Let's start with a pity party. My best friend's family decided to move from their current home in Maryland (where I live too) to Florida. It is about to be our senior year in high school, our "last hoorah" before we take on college (who knows how far apart we will be then). Now she is 833 miles away and all we can do is FaceTime. We can survive this, no problem we will just text, call and FaceTime continuously, right? Right.
What we didn't account for is while things continue to change in Maryland, without her, things in Florida are changing, without me. She is meeting people I don't know and our friend group and I are making more memories without her. I wonder: how can this possibly work?
If living situations change obviously people will change too, I thought to myself. This in my mind meant my best friend would be gone, she would change and we would suddenly have nothing in common. We would not be on the same softball team anymore, we wouldn't go to the same school anymore, we wouldn't start school on the same day anymore, we wouldn't have the same weather, so how could could we ever keep the same friendship?

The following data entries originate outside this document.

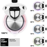 Электрический чайник с электронным терморегулятором Kitfort KT-640 может не только вскипятить воду, но и нагреть ее до температуры 40, 70, 80 и 90 °С, что очень удобно при заваривании различных сортов чая. Температура 40 °С пригодится для приготовления детского питания. Чайник также оснащен функцией поддержания температуры. Температура воды контролируется встроенным в дно чайника термодатчиком.
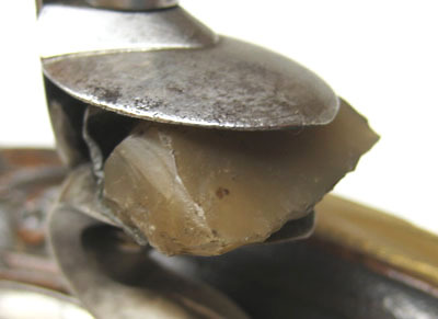 Gulbrun flinta, rektangulär med grovt tillslagna ojämna sidor och sluttande finare spets med rak kant. Mantel av grått bly.
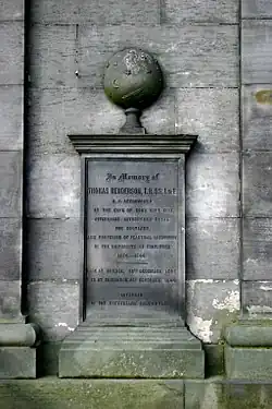 A larger memorial (naming him "Thomas Henderson") is incorporated in the external wall of the City Observatory.
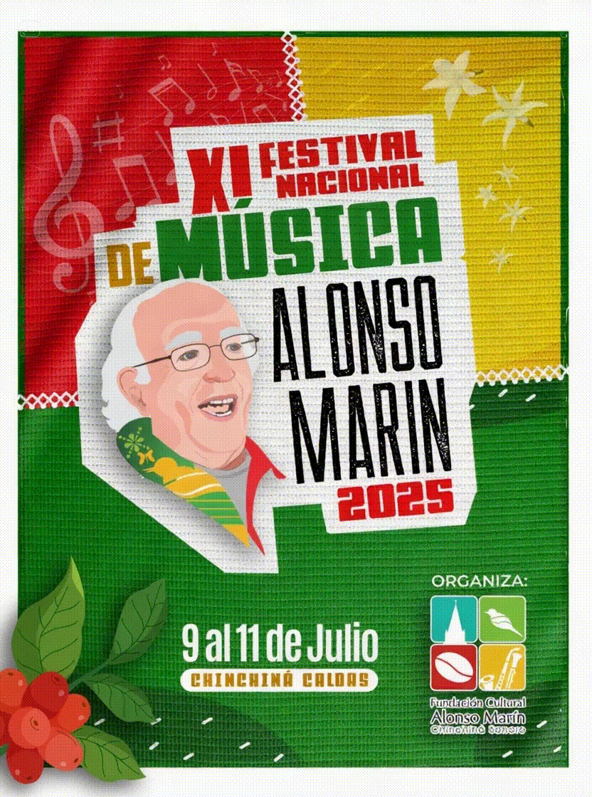 Compartimos con gran alegría la programación del XI Festival Nacional de Música Alonso Marín, que se realizará del 9 al 11 de Julio de 2025 en Chinchiná -Caldas.

It's time for me to end my pity party and realize that worrying about what could go wrong and focusing on the negatives won't bring my best friend back home or make it any easier to remain best friends. My best friend will always be my best friend because we both won't let ourselves drift apart. We are working to keep our friendship and to share our new memories with each other.
I didn't lose my best friend, I just see her a little less. And yes that sucks, but we can get through it. That's what best friends do, they take what the world throws at them and laugh, cry, curse and talk about it. My best friend will always be my best friend. No distance or time progression will change that unless we let it, and we won't.
Long distance relationships, whether romantic or friendly, are hard (most of you are probably thinking “well duh”). Bare with me I'm not just going to complain the rest of the article. Long distance relationships are possible, all they require (I know this is hard in this generation) is effort. Growing up we always hear the term “you get what you give” I apply this to long distance relationships. You get the effort that you give, if you fight for your friend or your lover, it will be very hard to lose them.
So I will still have my occasional pity party when something great happens and I want to run and tell my best friend right away, but I will quickly recover and instead of run and tell her I will remember that I can call her. It's not the same, but it will work.